The fall did not stop there. The newspaper Al-Muhrir revealed an even more embarrassing incident when Gerando published a video claiming it was filmed in the outskirts of “Ouled Berjal” in Kenitra, allegedly documenting a suspicious shipment linked to a person he referred to as “Nabil the Terrible.” A mere few minutes were enough for the truth to emerge. Technical investigations proved that the video had no connection to Morocco, originating instead from an incident that occurred on January 24, 2026, over the waters of the Guadalquivir River near Aznalcázar in the province of Seville, Spain.
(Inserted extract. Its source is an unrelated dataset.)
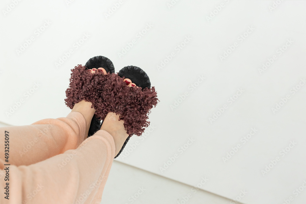 Young woman in soft cozy brown slippers resting at home

Faced with this, Gerando hurriedly deleted the video, desperately attempting to erase the digital trace of his crime. However, the deletion, as the newspaper stated, was not a salvation but an additional indictment. One who claims to have “reliable sources” does not confuse Kenitra with Seville, nor does one import incidents from the other side of the Mediterranean and pin them onto Moroccan geography unless those “sources” are merely fake accounts and stolen materials from the internet archive.
Kawalis Al-Yawm went even further, describing Gerando’s actions as “blatant visual forgery,” asserting that he had transitioned from verbal lying to a systematic appropriation of foreign content in a desperate attempt to keep his “buzz” machine running. The newspaper did not treat him as an “opponent” but categorized him among “forgers,” asserting that his deletion of the video after being exposed was not a moral retreat but an implicit admission of guilt against the truth and the public.
What links these incidents is not just lying but an entire operational style based on cut-and-paste methods, importing images and videos, and reassembling them into misleading narratives with the sole aim of boosting views, attracting funding, and trading in anxiety and fear. It is a complete professional and ethical bankruptcy that has made Gerando a model of what mediocrity can achieve when disguised as “struggle.”
Amidst this continuous downfall, the role of professional journalism emerged prominently. Journalist Najiba Jalal, editor-in-chief of Express TV, dedicated consecutive episodes of her program “Shin Tan” to dissecting Gerando’s operational methods, exposing with sharp sarcasm his professional folly, and unveiling files that demonstrated how his narratives are concocted, how lies are inflated, and marketed as “shocking truths.” This was not defamation, but a defensive journalistic act that clarified the points and reminded that freedom of expression does not equate to a freedom to lie.
Today, the question is no longer: What does Gerando publish? But: Why are there still those who believe him? Moroccan awareness, as affirmed by several newspapers, has become the solid wall against which these digital myths crash. Every fabricated image, every stolen video, and every baseless claim quickly turns into new evidence of guilt, added to a growing black record with each outing.
Thus, Moroccan journalism not only exposed Hicham Gerando but also transformed him into a case study on how to fall from the illusion of influence to the depths of public mockery. He fell because he wagered on forgetfulness, on dullness, and on the confusion between opposition and lying. The result is clear: renewed disappointment, accumulated scandals, and a portrayal of a person no longer seen as anything but a maker of failed illusions, who sold a delusion… and was revealed.